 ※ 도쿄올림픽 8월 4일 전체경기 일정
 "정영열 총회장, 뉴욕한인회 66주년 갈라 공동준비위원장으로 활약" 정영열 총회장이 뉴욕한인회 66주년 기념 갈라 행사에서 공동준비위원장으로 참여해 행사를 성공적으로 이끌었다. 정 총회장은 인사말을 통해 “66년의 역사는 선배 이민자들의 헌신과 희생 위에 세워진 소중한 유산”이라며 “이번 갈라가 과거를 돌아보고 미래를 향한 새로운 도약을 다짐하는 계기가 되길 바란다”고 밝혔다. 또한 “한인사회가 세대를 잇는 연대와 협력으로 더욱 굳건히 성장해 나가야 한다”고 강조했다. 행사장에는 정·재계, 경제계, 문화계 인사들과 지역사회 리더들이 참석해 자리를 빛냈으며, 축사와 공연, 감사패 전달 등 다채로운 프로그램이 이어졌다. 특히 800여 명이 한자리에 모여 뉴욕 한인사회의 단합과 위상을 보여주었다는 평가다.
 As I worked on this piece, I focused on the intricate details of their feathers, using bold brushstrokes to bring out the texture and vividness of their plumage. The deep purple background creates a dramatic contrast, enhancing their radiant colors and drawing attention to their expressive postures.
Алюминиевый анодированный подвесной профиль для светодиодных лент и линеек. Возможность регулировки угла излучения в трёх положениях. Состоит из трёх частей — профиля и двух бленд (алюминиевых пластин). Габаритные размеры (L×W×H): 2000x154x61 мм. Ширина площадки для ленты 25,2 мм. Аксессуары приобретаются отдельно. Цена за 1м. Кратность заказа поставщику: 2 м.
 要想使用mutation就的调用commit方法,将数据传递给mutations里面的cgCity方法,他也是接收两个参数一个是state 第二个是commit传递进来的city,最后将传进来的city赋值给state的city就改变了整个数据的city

========================================

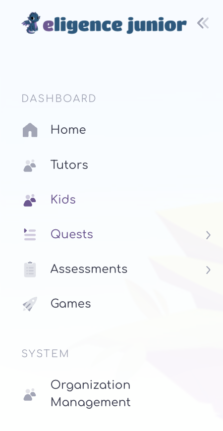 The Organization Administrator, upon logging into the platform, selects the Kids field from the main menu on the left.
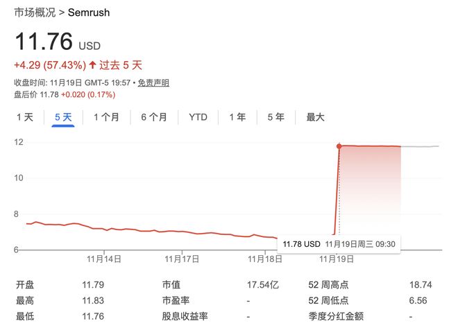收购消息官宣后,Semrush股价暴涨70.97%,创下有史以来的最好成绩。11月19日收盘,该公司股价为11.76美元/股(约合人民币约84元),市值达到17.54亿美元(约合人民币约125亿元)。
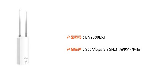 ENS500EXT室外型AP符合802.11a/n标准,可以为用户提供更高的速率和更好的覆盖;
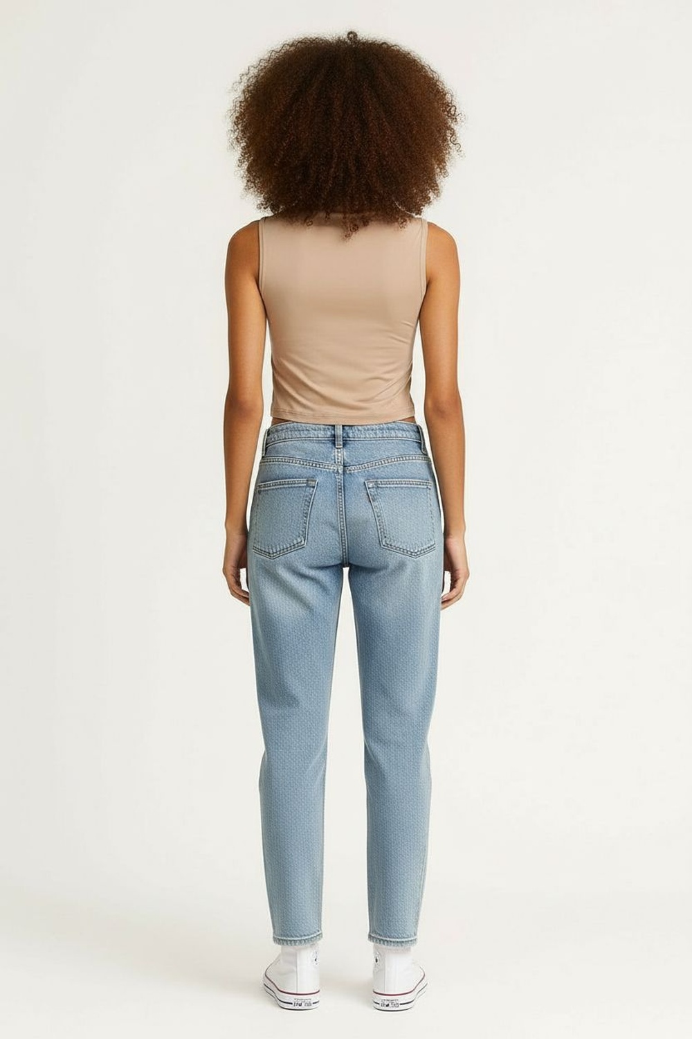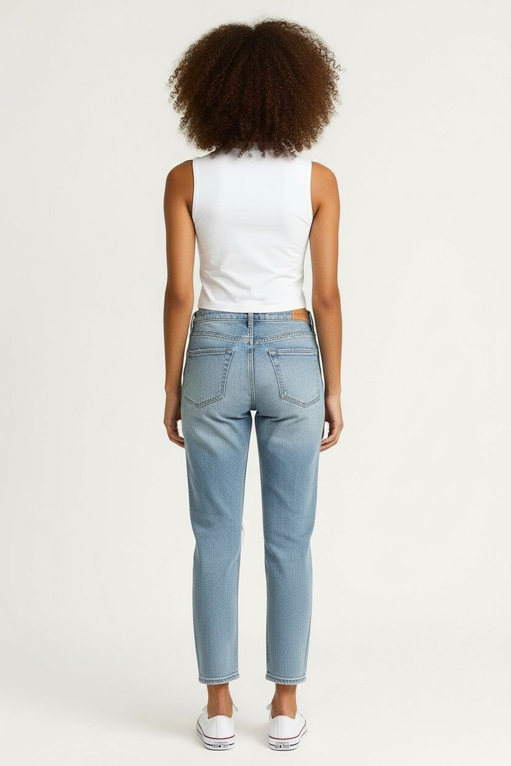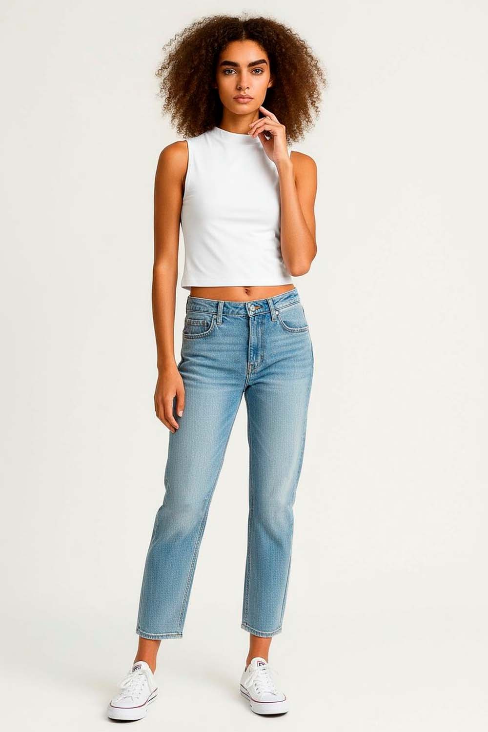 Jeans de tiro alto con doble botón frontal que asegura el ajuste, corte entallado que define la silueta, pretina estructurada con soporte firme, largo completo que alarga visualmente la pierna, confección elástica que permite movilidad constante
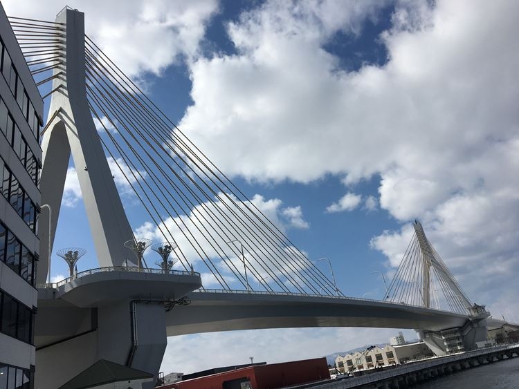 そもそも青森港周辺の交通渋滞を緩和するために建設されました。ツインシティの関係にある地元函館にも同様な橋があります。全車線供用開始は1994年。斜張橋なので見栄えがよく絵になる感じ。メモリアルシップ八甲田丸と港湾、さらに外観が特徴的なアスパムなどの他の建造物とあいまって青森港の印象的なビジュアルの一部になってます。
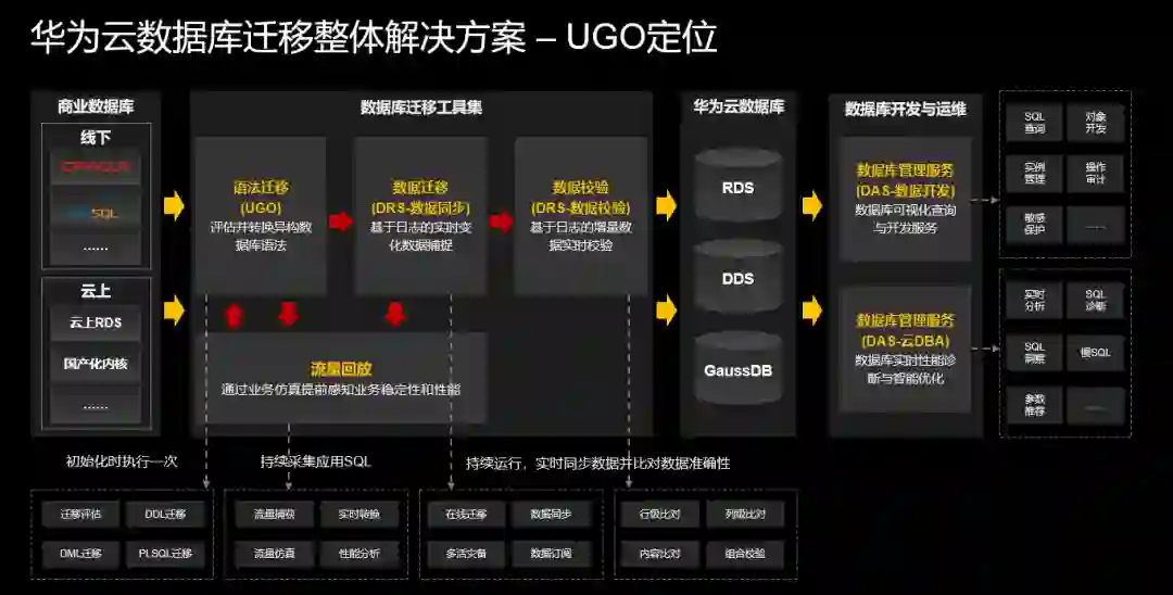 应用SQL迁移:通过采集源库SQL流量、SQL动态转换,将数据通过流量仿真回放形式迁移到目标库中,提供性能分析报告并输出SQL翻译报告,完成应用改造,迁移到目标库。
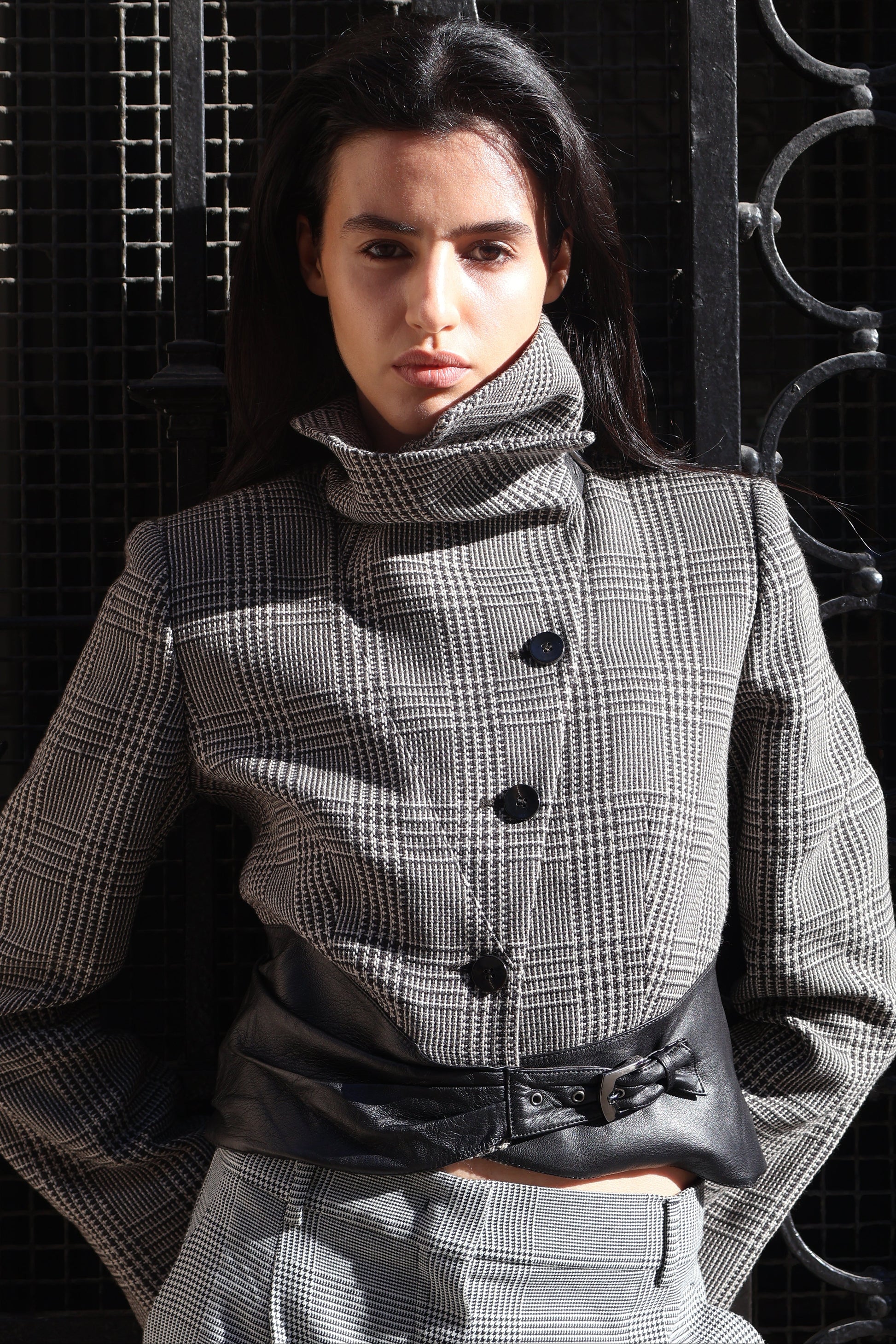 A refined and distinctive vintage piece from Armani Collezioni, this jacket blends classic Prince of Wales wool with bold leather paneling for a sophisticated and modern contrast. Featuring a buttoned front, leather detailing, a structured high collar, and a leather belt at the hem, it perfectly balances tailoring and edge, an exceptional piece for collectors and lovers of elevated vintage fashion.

========================================

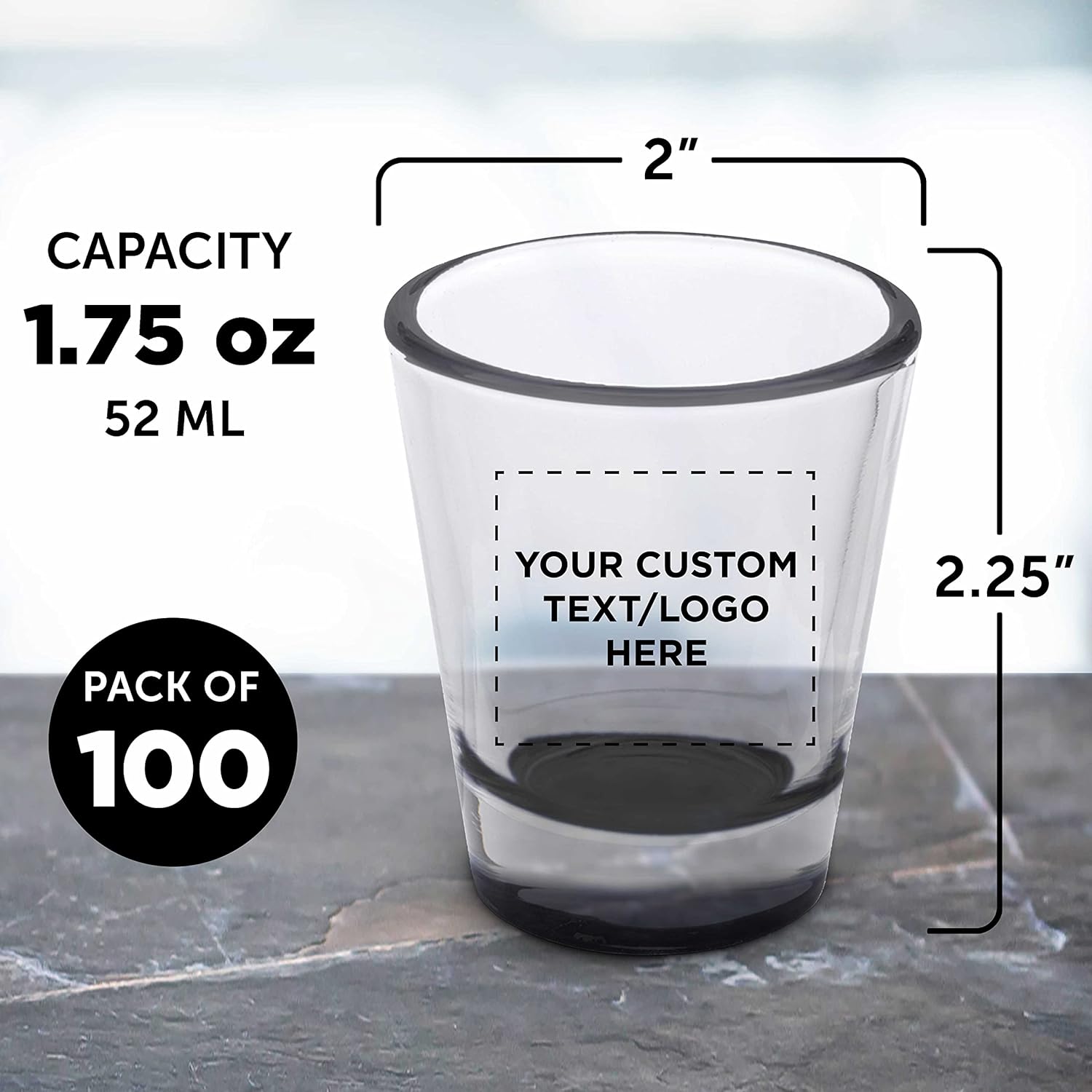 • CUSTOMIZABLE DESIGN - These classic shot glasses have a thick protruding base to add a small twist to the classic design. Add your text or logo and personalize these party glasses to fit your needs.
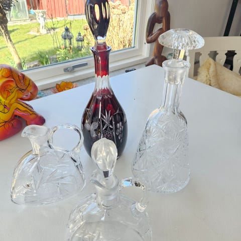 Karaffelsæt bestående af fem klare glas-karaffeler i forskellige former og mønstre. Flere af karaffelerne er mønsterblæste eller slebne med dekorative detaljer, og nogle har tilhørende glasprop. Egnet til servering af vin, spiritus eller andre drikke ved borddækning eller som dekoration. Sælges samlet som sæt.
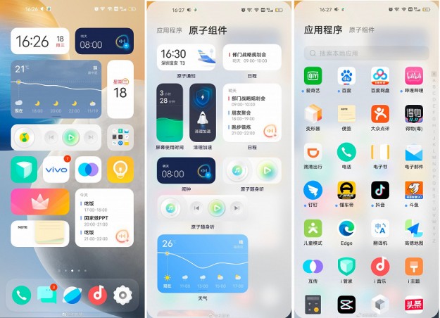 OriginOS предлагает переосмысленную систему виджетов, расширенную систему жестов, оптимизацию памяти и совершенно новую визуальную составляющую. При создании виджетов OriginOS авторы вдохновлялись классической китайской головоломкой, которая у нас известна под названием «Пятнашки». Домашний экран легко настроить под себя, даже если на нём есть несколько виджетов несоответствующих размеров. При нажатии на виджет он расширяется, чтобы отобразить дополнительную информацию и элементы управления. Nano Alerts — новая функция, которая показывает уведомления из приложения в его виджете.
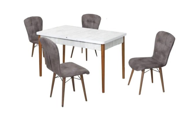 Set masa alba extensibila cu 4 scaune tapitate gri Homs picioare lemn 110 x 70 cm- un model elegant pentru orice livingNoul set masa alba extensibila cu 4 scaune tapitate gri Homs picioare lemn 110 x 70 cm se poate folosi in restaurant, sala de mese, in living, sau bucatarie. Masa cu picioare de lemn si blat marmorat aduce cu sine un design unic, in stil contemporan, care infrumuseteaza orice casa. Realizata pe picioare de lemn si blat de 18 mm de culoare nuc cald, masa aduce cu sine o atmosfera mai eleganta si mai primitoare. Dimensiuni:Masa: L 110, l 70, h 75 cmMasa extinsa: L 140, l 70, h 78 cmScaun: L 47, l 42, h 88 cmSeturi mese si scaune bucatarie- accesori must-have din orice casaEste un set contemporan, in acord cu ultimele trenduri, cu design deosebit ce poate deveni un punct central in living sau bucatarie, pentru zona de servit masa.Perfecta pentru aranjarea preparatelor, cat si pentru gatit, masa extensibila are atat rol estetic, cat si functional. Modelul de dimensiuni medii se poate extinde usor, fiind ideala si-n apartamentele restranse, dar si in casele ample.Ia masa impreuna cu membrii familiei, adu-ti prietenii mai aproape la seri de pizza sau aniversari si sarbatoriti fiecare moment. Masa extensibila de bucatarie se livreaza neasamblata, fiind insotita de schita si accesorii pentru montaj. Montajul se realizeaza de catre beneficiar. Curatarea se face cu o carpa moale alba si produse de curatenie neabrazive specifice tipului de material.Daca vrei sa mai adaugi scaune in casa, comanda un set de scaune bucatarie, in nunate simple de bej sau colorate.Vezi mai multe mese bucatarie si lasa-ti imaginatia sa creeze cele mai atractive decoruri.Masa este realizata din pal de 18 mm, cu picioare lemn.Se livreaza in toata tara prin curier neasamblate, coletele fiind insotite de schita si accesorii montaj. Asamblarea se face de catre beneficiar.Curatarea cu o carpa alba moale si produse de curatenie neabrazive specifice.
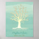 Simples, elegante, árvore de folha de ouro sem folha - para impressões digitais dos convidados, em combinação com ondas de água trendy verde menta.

========================================

WORK REQUIRED:
Write out exactly the lines that fall from the line with "위상을 보여주었다는 평가다." to the line with "要想使用mutation就的" in the records above, keeping both ends.

RESPONSE TO THIS EXERCISE:
 "정영열 총회장, 뉴욕한인회 66주년 갈라 공동준비위원장으로 활약" 정영열 총회장이 뉴욕한인회 66주년 기념 갈라 행사에서 공동준비위원장으로 참여해 행사를 성공적으로 이끌었다. 정 총회장은 인사말을 통해 “66년의 역사는 선배 이민자들의 헌신과 희생 위에 세워진 소중한 유산”이라며 “이번 갈라가 과거를 돌아보고 미래를 향한 새로운 도약을 다짐하는 계기가 되길 바란다”고 밝혔다. 또한 “한인사회가 세대를 잇는 연대와 협력으로 더욱 굳건히 성장해 나가야 한다”고 강조했다. 행사장에는 정·재계, 경제계, 문화계 인사들과 지역사회 리더들이 참석해 자리를 빛냈으며, 축사와 공연, 감사패 전달 등 다채로운 프로그램이 이어졌다. 특히 800여 명이 한자리에 모여 뉴욕 한인사회의 단합과 위상을 보여주었다는 평가다.
 As I worked on this piece, I focused on the intricate details of their feathers, using bold brushstrokes to bring out the texture and vividness of their plumage. The deep purple background creates a dramatic contrast, enhancing their radiant colors and drawing attention to their expressive postures.
Алюминиевый анодированный подвесной профиль для светодиодных лент и линеек. Возможность регулировки угла излучения в трёх положениях. Состоит из трёх частей — профиля и двух бленд (алюминиевых пластин). Габаритные размеры (L×W×H): 2000x154x61 мм. Ширина площадки для ленты 25,2 мм. Аксессуары приобретаются отдельно. Цена за 1м. Кратность заказа поставщику: 2 м.
 要想使用mutation就的调用commit方法,将数据传递给mutations里面的cgCity方法,他也是接收两个参数一个是state 第二个是commit传递进来的city,最后将传进来的city赋值给state的city就改变了整个数据的city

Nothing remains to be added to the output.